4. How to handle too many TTSs?

To use Microsoft Excel to open the sorted file and manually filter out short TTSs, or to resubmit the prediction with higher Nt and higher filter conditions.


5. How to do if there are too few results?

If the defaultFilter folder has very few lncRNAs, (1) check all reported lncRNAs (all gene folders), if the filter conditions are too stringent, many reported lncRNAs may not be in the defaultFilter folder, (2) if there are very few gene folders, resubmit the prediction with a smaller Nt (together with lower filter conditions), (3) rethink whether the DNA sequence is a reasonable target region of the lncRNAs.


6. How to identify false positive TTSs?

Considerable TTSs at Simple Repeats may be false positives, because highly enriched nucleotides in some Simple Repeats may accidentally match some base-pairing rulesets very well. Also, TTSs generated by multiple rulesets may be less convincing than TTSs generated by one dominant ruleset. Finally, TTSs with a low height and small area may be false positives. All of these TTSs can be filtered out using LongTarget parameters and/or filter conditions.
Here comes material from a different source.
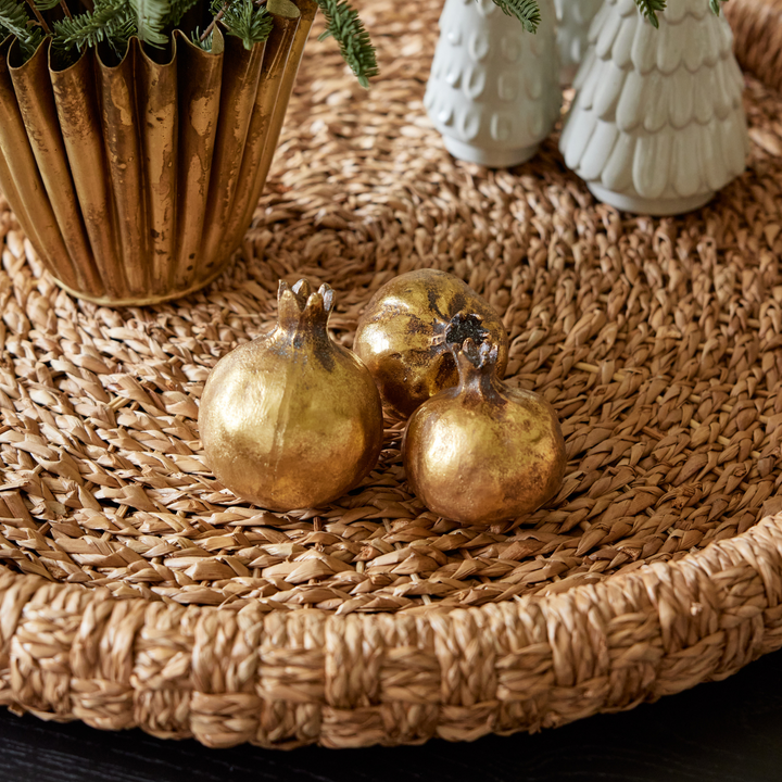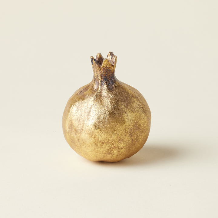 Crafted with detail, this Antique Gold Pomegranate is a festive addition to any home during the holidays. Made from resin with an antique gold finish, this pomegranate is a timeless piece that adds a touch of charm to any vessel or displayed on its own.

7. Now that the Nt parameter is important, how to choose the proper Nt?

Normally Nt = 30 - 50, try 50 first. If too many TTSs are reported or there are many long triplexes in the sorted file, try a larger Nt, otherwise, try a smaller one. When Nt is changed, so may offset need. Nt = 30/50/80 work normally with offset = 10/15/20. Be careful: many TTSs may be false positives if Nt is shorter than 30.